Iwona’s stance is clear: she will continue to fight for her rights by means of her art. She celebrates the potential that these protests have brought about and considers the underground, bottom-up social mobilisation to be the beginning of a true revolution. Karolina, too, stresses these developments as huge progress and is convinced that the revolution is “just around the corner”. And for this, the messages that are conveyed through artivism are an essential factor in pushing for transformation.
Izabela does not share the same kind of optimism about the situation. Particularly as a university professor, she notices the toll that the COVID-19 pandemic is continuously having on her students. In her opinion, it is the younger generation that is at the front lines of social change. However, at this very point the mental health of the youth is largely affected by the pandemic and, thus, the will and capability to fight for reproductive rights is impacted by the wellbeing of the fighters. Izabela sees the health of her students as a priority, and therefore considers the Corona pandemic to be a significant factor in future developments.
As a Viewer
As somebody who always had the privilege to go about their life with free and relatively uncomplicated access to abortion, listening to the panelists was an incredibly eye-opening exercise. Not only did I learn about the specific situation of those seeking abortions in Poland, but the discussion also invited me to investigate the stigmatising language that is normalised when talking about reproductive rights and the female body. It invited me – somebody who is very much a proponent of free access to abortions – to reevaluate the language I use myself when entering a dialogue about abortions. The biggest takeaway for me was the inspiration I got from the panelists. Their tireless effort to fight for their rights and for the rights of future generations is admirable and contagious. Their activism is exemplary for the impact that art has on society, and the role it plays in transformation processes.

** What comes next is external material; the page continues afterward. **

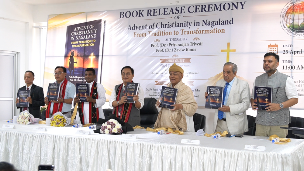 The book ‘Advent of Christianity in Nagaland,’ authored by Prof Dr Priyaranjan Trivedi and Prof Dr Zavise Rume, was released by MLA and Advisor for Law & Justice and Land Revenue, TN Mannen, on April 25 at International University, Chümoukedima.

Framer Framed, together with artists, activists and researchers, presents ‘Female Voices’ series, where we discuss artistic activism in the struggles for women’s autonomy and sexual and reproductive rights.
Domitilla (Domi) Olivieri is an anthropologist, activist, researcher and teacher in the field of gender studies, media and society and she has been involved in feminist, queer and anti-racist and anti-capitalist militant activism.
Izabela Kowalczyk is an art historian, cultural scientist, researcher and theorist of contemporary art and culture. Author of books on critical art, feminism and the reinterpretation of history in modern art, as well as over 200 articles in collections and scientific journals.
Karolina Więckiewicz is a human rights defender and lawyer, who works on sexual, reproductive, LGBTQ and transgender rights. She is a safety programme coordinator at Lambda Warsaw Association, an organisation that works to provide free psychological and legal support for LGBTQ and transgender people in crisis situations and at risk.
Iwona Demko is a visual artist and femmenist*. In 2001, she graduated from the Faculty of Sculpture at the Academy of Fine Arts in Krakow, where she has been working as a professor since 2008. She is a curator of feminist exhibitions, researcher of the history of the first female students at the Academy of Fine Arts in Krakow, and an author of a book about Zofia Baltarowicz-Dzielińska.